The broader impact of this Small Business Innovation Research (SBIR) Phase I project would be to develop a novel electromechanical system for on-orbit servicing of spacecraft so that a spacecraft can be captured, dock. and refuel. This system will extend the useful life of spacecraft and enable the rescue of failed missions, representing savings to commercial and public entities alike. Mission life extensions of commercial projects are expected to translate into reduced costs of delivering information and services; similarly, extensions of government-sponsored missions will enable lowered costs associated with satellite launches.
The proposed project will create a capture and refueling system for spacecraft to be used in ride-share systems.

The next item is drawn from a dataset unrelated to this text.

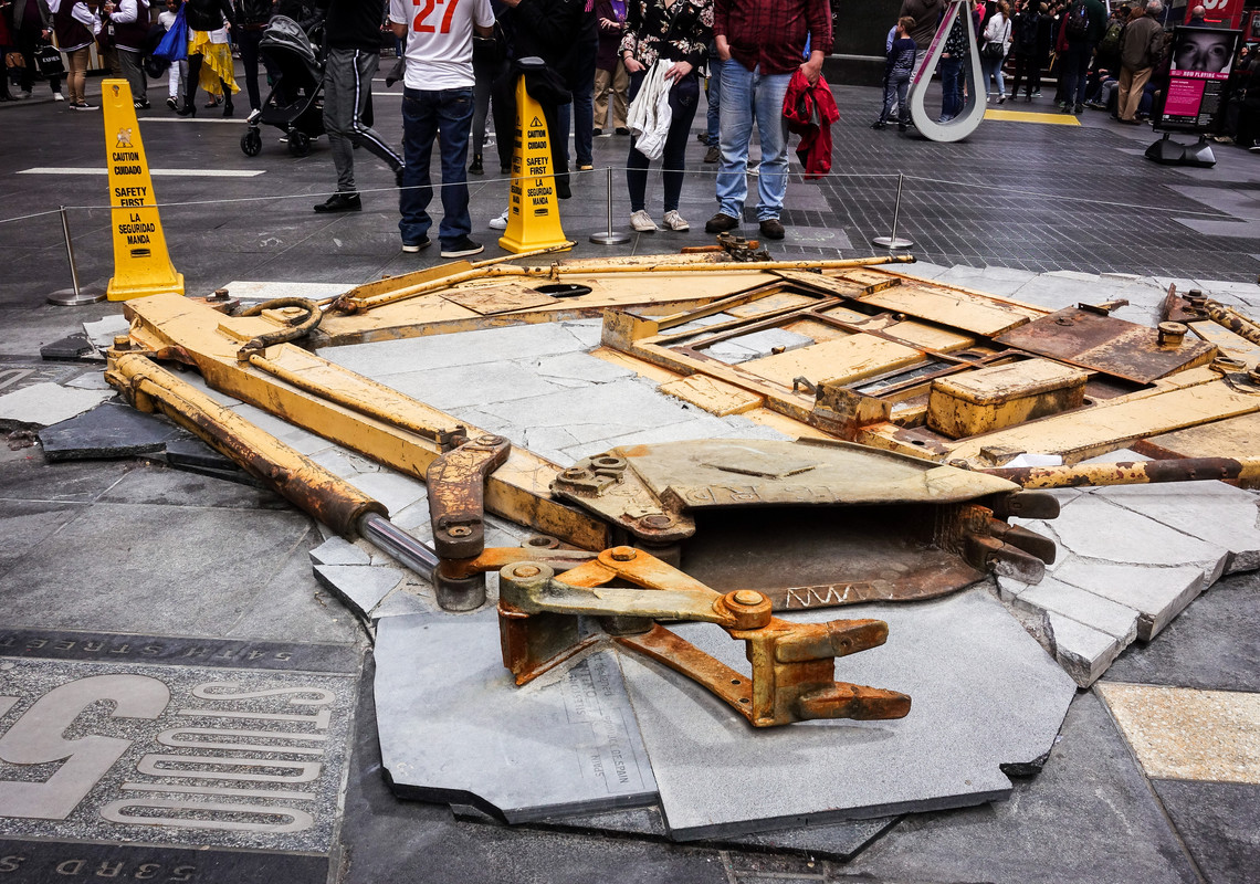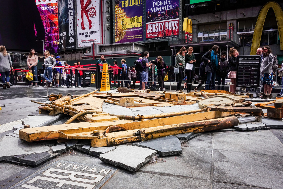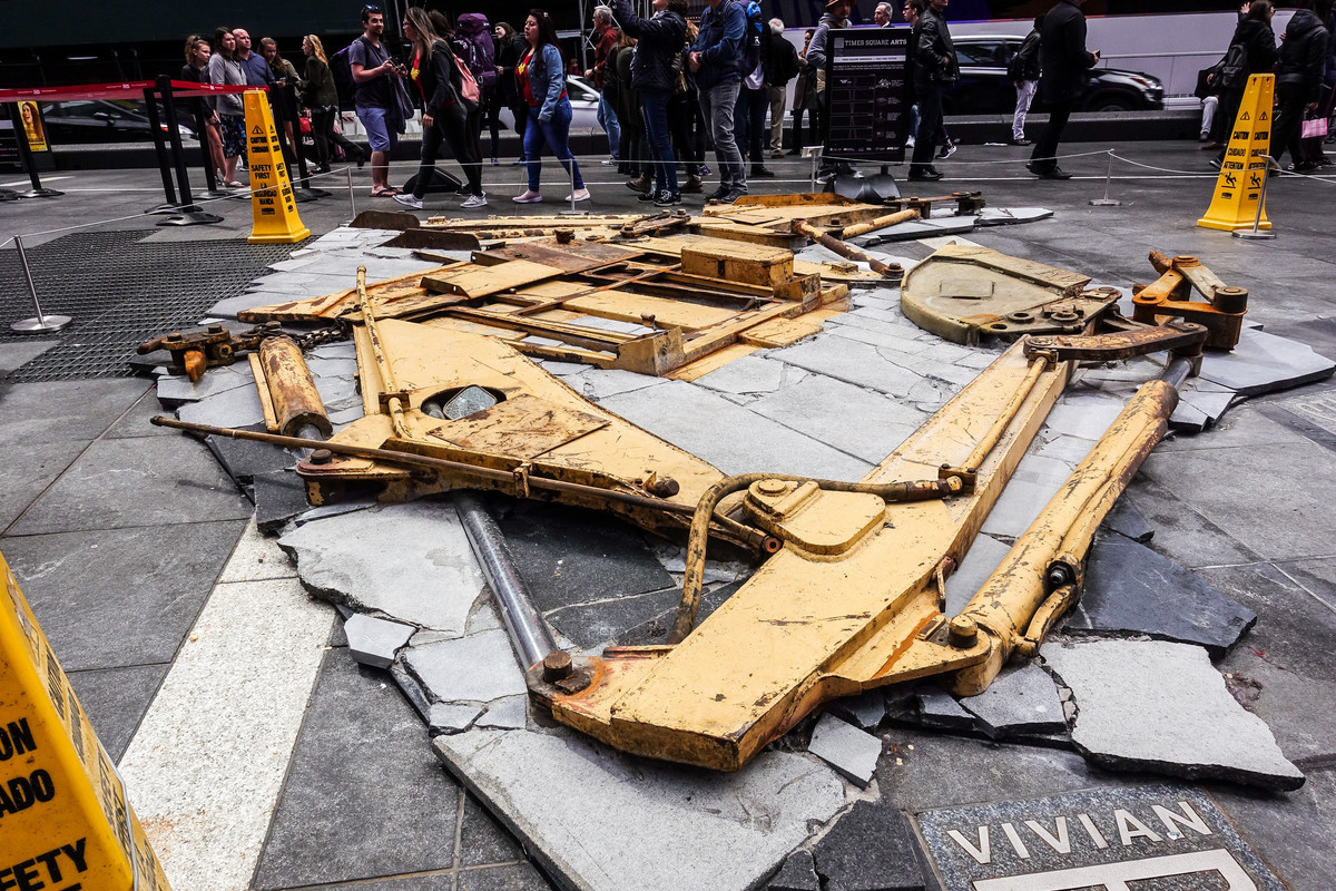 In partnership with times square arts and SPRING/BREAK art show, artist michael zelehoski and curator ché morales, present ‘the rapture’ – a monumental sculpture situated in new york’s times square. the duo have salvaged a construction backhoe, then deconstructed and reassembled it in the busy broadway plaza to appear as the image of a fossilized dinosaur. on view until march 31st, 2019, the project intends to question humanity’s significance on earth by using an item of technology used to build our civilization and making it appear ‘extinct.’

Capturing system requirements include: compatibility with proximity and guidance sensors; low-power operation; and autonomous alignment. Docking and refueling requirements include: formation of a rigid, leak-proof, structural connection to deliver fuel; and a mechanism to open the fuel port on the client spacecraft without secondary actuation systems. Finally, for ride-share compatibility, the robot arm must be optimized for size, weight, and power; and it must have end-effectors and a tool exchange mechanism. All subsystems must be fully compatible with the extreme environmental conditions of space. The proposed effort will address the systems engineering process of developing requirements and specifications; conceptual design development; detailed design, analysis and modeling; and breadboard testing.
This award reflects NSF's statutory mission and has been deemed worthy of support through evaluation using the Foundation's intellectual merit and broader impacts review criteria.